I want to compute this contour integral:
\begin{equation} \int\limits_C \! \mathrm{d}z \; \log(\frac{z+1}{z-1}) \frac{e^{tz}}{z-1} \end{equation}
Where $C$ is a path going around the branch cut. My perplexities arise because the branching point $z=1$ presents also a "pole-like" behaviour, so that if we naively choose the contour to pass on the upper and lower parts of the cut we get a non integrable singularity. I thought of avoiding the singularity with a little circle around it, but then you cannot apply the residue theorem because of the branch cut. Is there a standard technique for these pathological cases?
Let $C$ be any closed contour around the branch cut $[-1, 1]$ and $I(t)$ be the integral over $C$. $I(t)$ does not depend on $C$ and is entire. Next, we have $$\mathcal L^{-1} {\left[ \ln \frac {z + 1} {z - 1} \right]} = \frac {2 \sinh t} t, \\ f(t) = \mathcal L^{-1} {\left[ \frac 1 {z - 1} \ln \frac {z + 1} {z - 1} \right]} = \frac {2 \sinh t} t * e^t = e^t (\Gamma(0, 2 t) + \ln(2 t) + \gamma).$$ By deforming the contour, we get $I(t) = 2 \pi i f(t)$ for $t > 0$. Extending $f$ to an entire function, we get $I(t) = 2 \pi i f(t)$ for any $t \in \mathbb C$.

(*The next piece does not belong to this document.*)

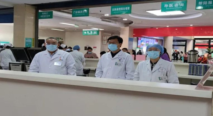 10月19日,院黨委委員、紀(jì)委書(shū)記趙逢平帶領(lǐng)相關(guān)職能部門(mén)負(fù)責(zé)人,在門(mén)診導(dǎo)診臺(tái)值班,零距離服務(wù)患者,落實(shí)投訴閉環(huán)管理。(門(mén)診部)

Another way is to find $I(t)$ as $-2 \pi i$ times the residue of the integrand at infinity. Multiplying the series expansions gives $$\operatorname*{Res}_{z = \infty} \frac {e^{t (z + 1)}} z \ln \left( 1 + \frac 2 z \right) = e^t \sum_{k \geq 1} \frac {(-2 t)^k} {k! \,k}.$$